Intermediation contract

We must go to article 21 of the supplementary Law 2/2009, which in relation to the intermediation contract states that it must be signed on paper or durable support and must contain the identifying information of the mortgage broker and the service it will provide, the client’s right to withdraw for free and without claiming any cause for 14 days, means of complaint, applicable legislation, among other information.

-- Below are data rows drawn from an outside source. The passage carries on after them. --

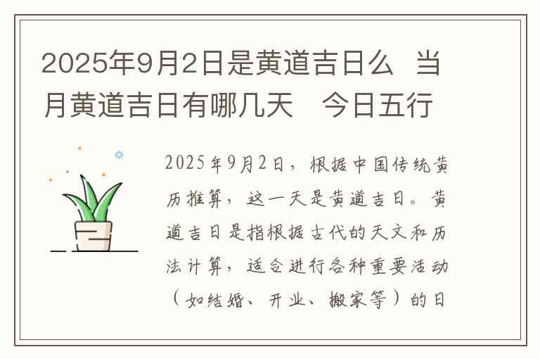 2025年9月2日,根据中国传统黄历推算,这一天是黄道吉日。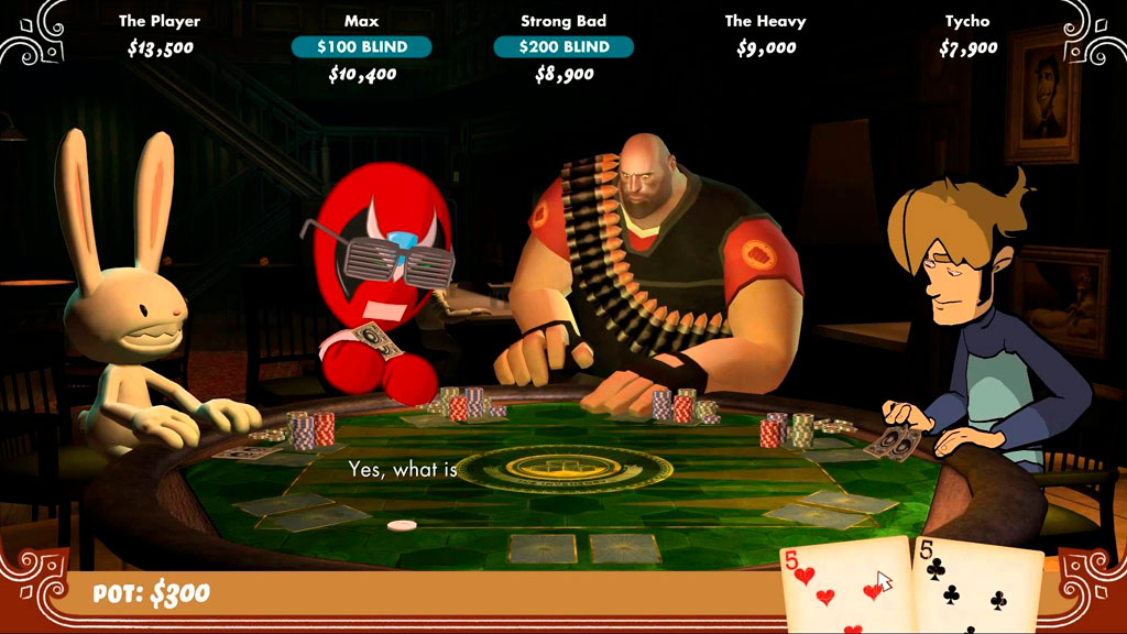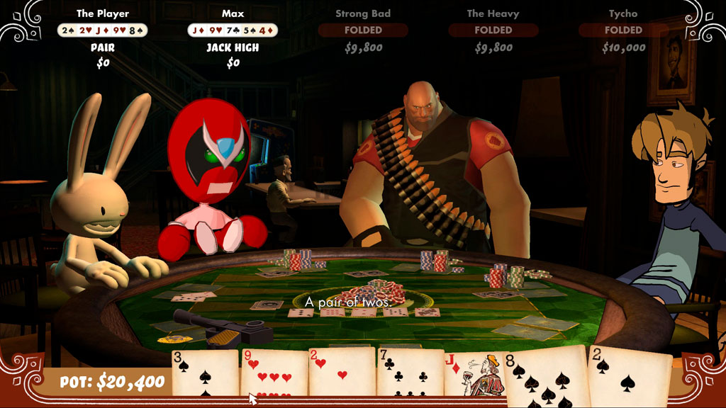 Отличный виртуальный покер, где в качестве оппонентов выступают персонажи различных популярных компьютерных игр. Любители данной карточной игры смогут сразиться с такими противниками, как Пулеметчик из Team Fortress, главный герой из Penny Arcade, гиперактивный кролик из Sam & Max и другие.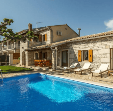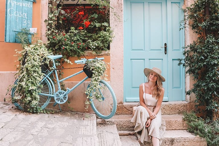 odpolední/večení v uličkách města Rovinj (pastelové ulice, domy, květiny,…)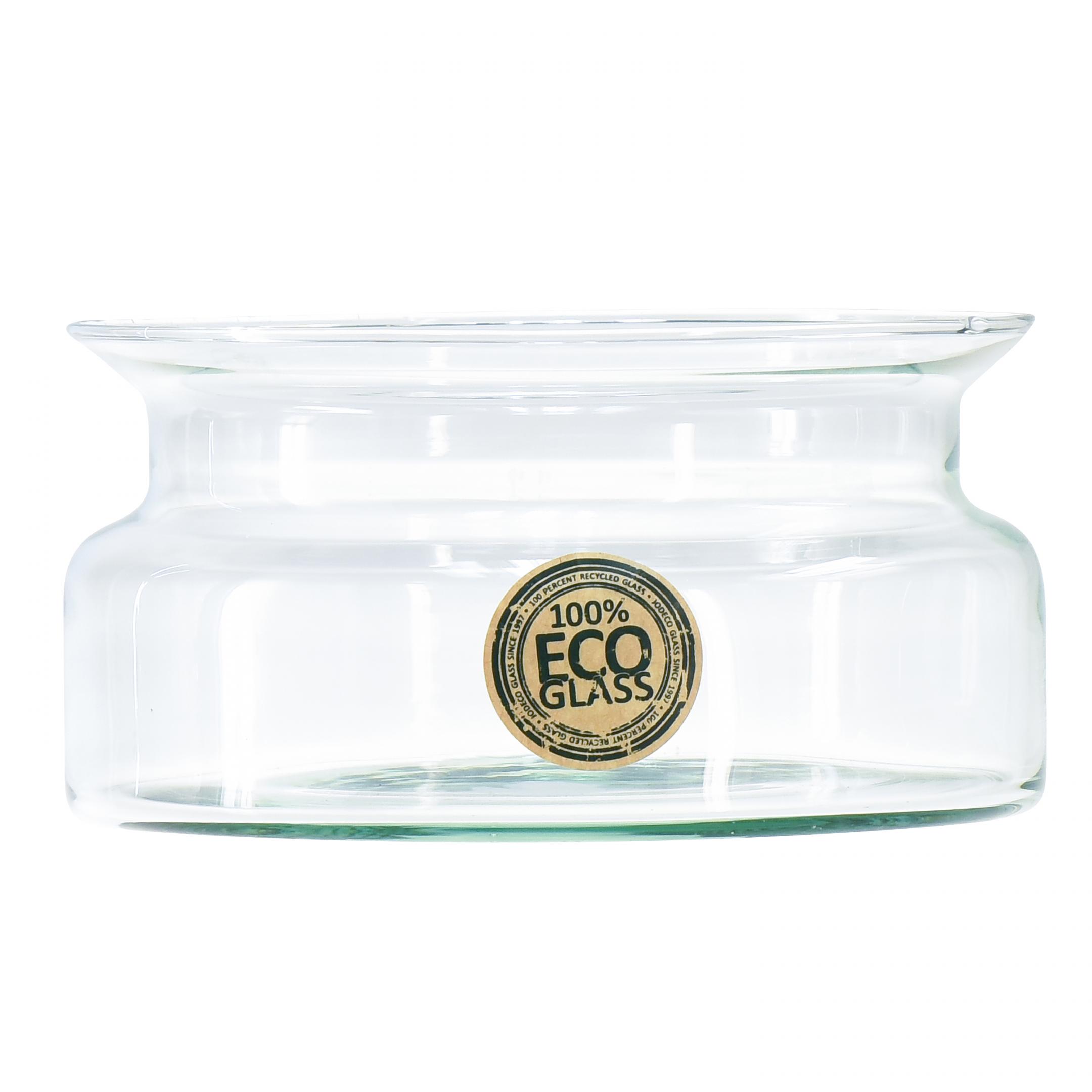 Die Schale ist so geformt, dass die obere Verengung wie ein kurzer Hals anmutet. Abwärts bis zum Boden erhält sie fast wieder dieselbe Größe wie der nach außen geneigte Rand. Und so können Sie auf einer Fläche mit einem Durchmesser von etwa 15,5 Zentimetern Ihre Deko-Ideen hinter Glas in Szene setzen.

In mortgage broker you can charge customer fees if you are independent, which according to Law 2/2009 implies submitting 3 binding offers, an obligation that does not mention Law 5/2019, which considers that the independent credit intermediary (not linked) is that which takes into account a sufficiently large number of loan agreements available in the market and recommends one or several loan contracts available in the market appropriate to the needs, financial situation and personal circumstances of the borrower

Mortgage counseling

Mortgage counseling

Mortgage intermediaries who want to provide an advisory service, independent or not independent as established by Royal Decree 309/2019, must sign an advisory contract, independent of the intermediation contract.

If you want to offer an independent mortgage counseling service, it is required that in addition to taking into account a sufficiently large number of mortgage loans, the mortgage broker presents at least 3 binding offers to the potential borrower. The problem of the 3 binding offers arises again: how an advisor can collect binding offers from three banks that are not obliged to deliver them until they study the operation and assess the property?